**Work required:** In this exercise, return only the lines that run from the line with "BAE Women Solid" to the end of the entries below, both included. Pictures are not copied.

(Collected data entries)
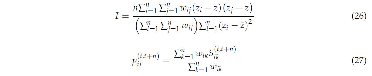 Традиционная цепь Маркова эффективна для выявления закономерностей перехода степеней координации связи во времени, но не учитывает пространственную зависимость и региональные различия. Для решения этой проблемы была разработана пространственная цепь Маркова, включающая пространственную матрицу смежности для учета влияния соседних регионов. Такой подход позволяет анализировать пространственную агломерацию и эффекты передачи, повышая способность модели улавливать региональную эволюцию [ 66 ]. В данном исследовании пространственная цепь Маркова применяется для анализа характеристик пространственного перехода степени координации связи между сельскохозяйственной экономикой и экосистемами в Китае с 2008 по 2022 год. Для изучения того, как координация связи соседних провинций влияет друг на друга, пространственная цепь Маркова сочетается с индексом Морана I для проверки пространственной корреляции [ 67 ]. Формула для индекса Морана I выглядит следующим образом:
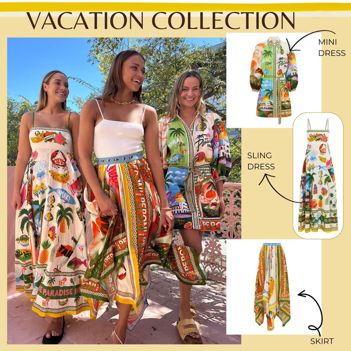 Vacation Graffiti Printed Sling Dress
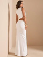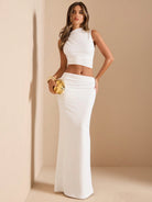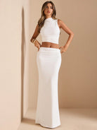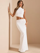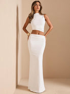 BAE Women Solid White Asymmetric Twist Ruched Shoulder Camisole & Low Waist Ruched Pencil Skirt 2 Pieces Knit Set
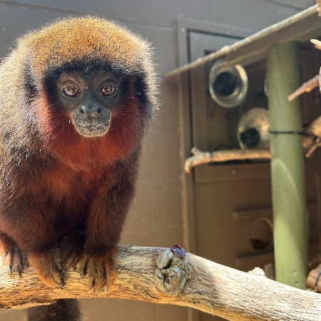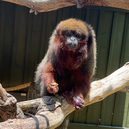 Coppery Titis form long term bonds and mating pairs live together with several generations of young. One infant is born every year between November and March. The young are weaned when they are about four months old. Males are the primary caregivers and predominantly take care of the infants. They commence their parental role a few hours after the infant is born, carrying them around and protecting them. The female’s only parental care role is nursing the infant.
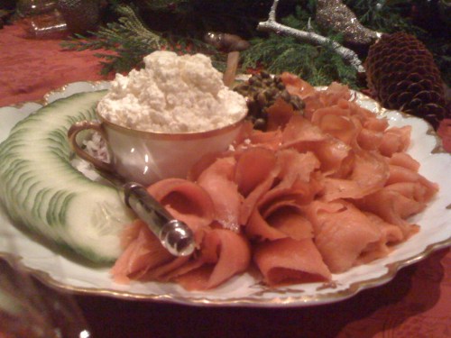 Lox with Cucumbers, Red Onions, Capers and Cream Cheese.
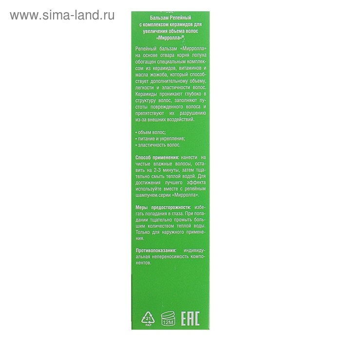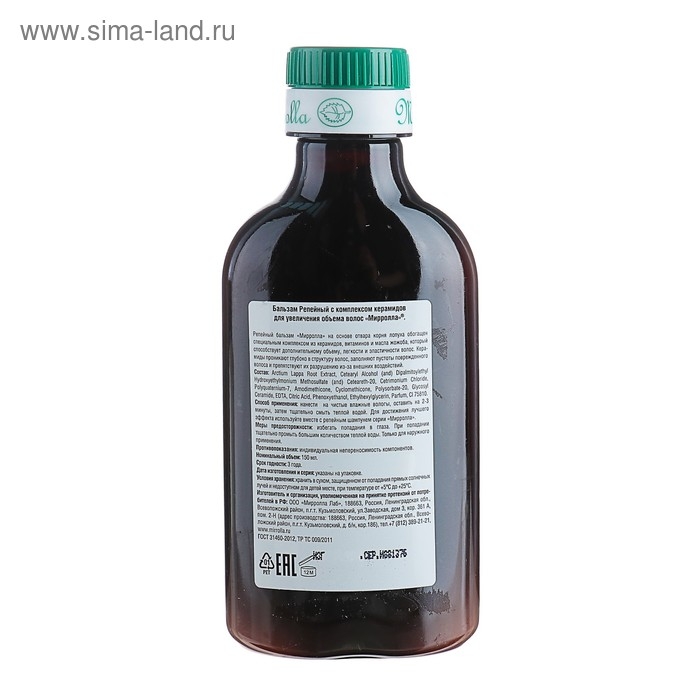 Бальзам Mirrolla Репейный с комплексом керамидов для увеличения объема волос,150мл

**Result:**
 BAE Women Solid White Asymmetric Twist Ruched Shoulder Camisole & Low Waist Ruched Pencil Skirt 2 Pieces Knit Set
 Coppery Titis form long term bonds and mating pairs live together with several generations of young. One infant is born every year between November and March. The young are weaned when they are about four months old. Males are the primary caregivers and predominantly take care of the infants. They commence their parental role a few hours after the infant is born, carrying them around and protecting them. The female’s only parental care role is nursing the infant.
 Lox with Cucumbers, Red Onions, Capers and Cream Cheese.
 Бальзам Mirrolla Репейный с комплексом керамидов для увеличения объема волос,150мл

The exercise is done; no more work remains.